Following a scientific report of sea erosion degrading the Lakshadweep Archipelago, India’s island paradise, the local administration announced this month (August) steps to reduce dependence on fossil fuels on the territory and conserve its coral reefs.
Lakshadweep with its 36 islands forms the northern part of the Chagos – Maldives – Laccadive Ridge and lie 400 kilometres off the Indian coast. With a total area of 32 square kilometres, the centrally-administered territory supports a population of 70,000 people.
A comprehensive study of the Lakshadweep by the National Centre for Earth Sciences Study (NCESS), Thiruvananthapuram, reveals severe coastal erosion by natural factors such as high wave activity, strong winds and tidal currents, as well as human activity that threatens the stability of the popular tourist destination.
Published in Springer Briefs in Earth Sciences - 2015, the study uses numerical modelling to assess the extent of erosion and suggests remedial measures that include reduced dependence on diesel for power generation and protection of the beaches.
The announcements made by the Lakshadweep administration on reducing diesel consumption and carbon emission include generating up to five megawatts of electricity with subsidies provided by the centralgovernment with the support of the UNDP’s GEF Biomass Power Project.

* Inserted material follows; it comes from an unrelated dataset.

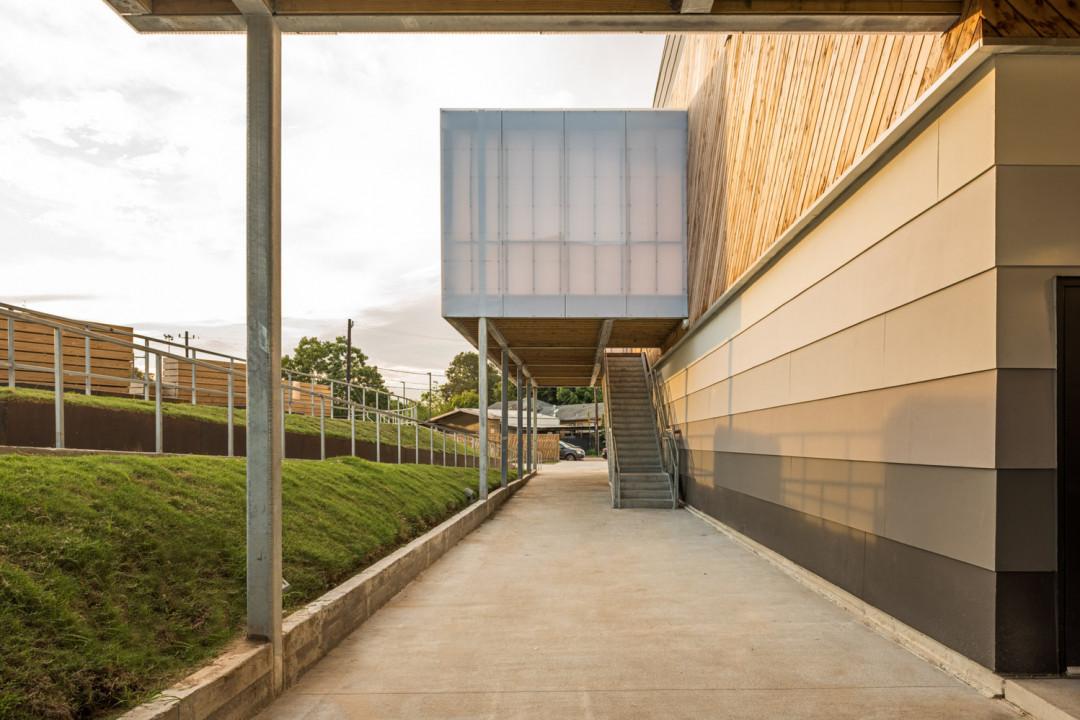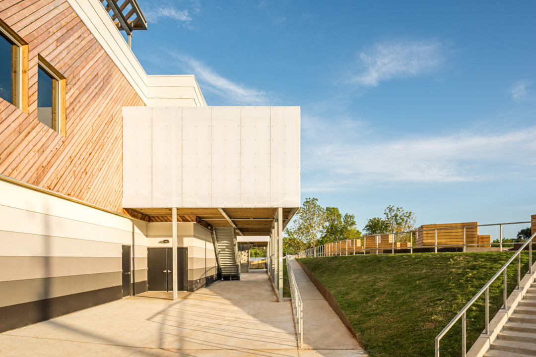 WOMH’nin tasarımı, endüstriyel yapıların estetiğinden ilham alıyor. Ana bina, fiber çimento kaplama ile kaplanmış; eğimli çatı ve açılı sedir çıtalar, gölgeleme ve ritmik cephe düzeni sağlıyor.
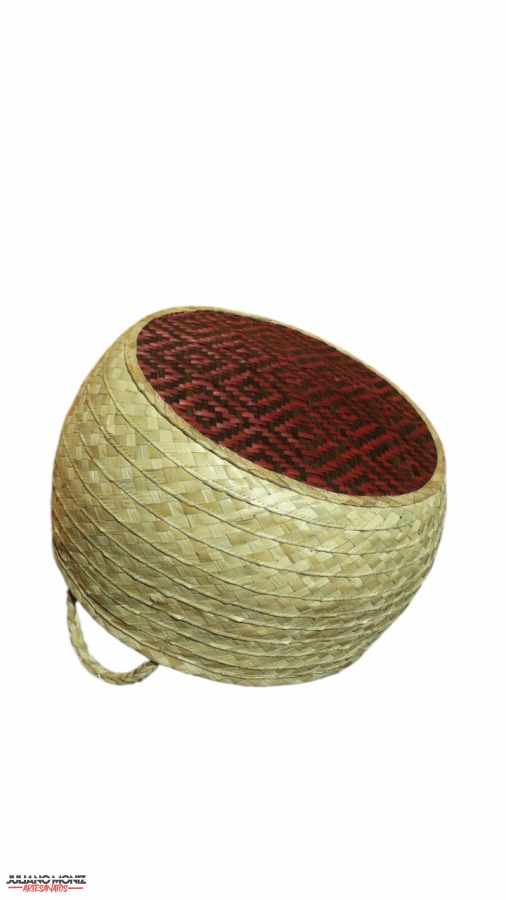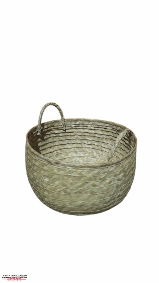 Cesta em palha de carnauba, fibra natural de bambu alças de taboua modelo boliado medida 20x37 cm

T.N. Prakash, head of coastal processes research at NCESS and lead author of the Springer study, tells SciDev.Net that the cost of wave power generation is estimated to be comparable to the present cost of shipping diesel from the Indian mainland to the islands.
N. P. Kurian, scientist and member of the board of studies in physical oceanography at the Cochin University of Science and Technology, tellsSciDev.Net that the study is important for the fact that it “looks into the prospects and advantages of renewable energy sources like biomass, solar, wind and wave for multi-source power generation systems on the islands.”
The administration plans to popularise energy saving devices and appliances such as LED lighting systems powered by solar energy on the streets and in homes. Battery operated vehicles now plying on the islands are also due to be recharged off a solar grid.
Despite risks to the fragile reefs, the administration plans to facilitate visits by cruise ships and yachts on a model similar to that on the Maldives — a small island state that faces permanent inundation from sea-level rise by the end of the century. Since March, a ‘Long-Term Coral Reef Monitoring Programme’ involving a team of scientists has been in place in the Lakshadweep.
Prakash says that the “rare aquatic biodiversity and vast blue lagoons of the islands”, which are the main tourist draw, are also at risk from cyclones and deep depressions. He believes that a balance has to be found between conservation and tourism, described officially as the engine for socio-economic development of the islands.
Sheela Nair, researcher for the study, says that while short-term shoreline changes are seasonal, long-term changes need to be countered using layers of tetrapods, hollow concrete blocks and coir bags filled with pebbles — though these may hamper the fishing and tourism industries.
Coral reefs, lagoons and mangroves have already suffered from dredging activities for port development. Fisheries, inadequate sewage and solid waste treatment and unscientific tourism promotion on the islands are also contributing to the degradation, she says.
“While considering the limitation of resources in Lakshadweep, a new management policy with indigenous initiatives, a good mix of administration and science and technology inputs can be of immense help to the islands,” says Prakash.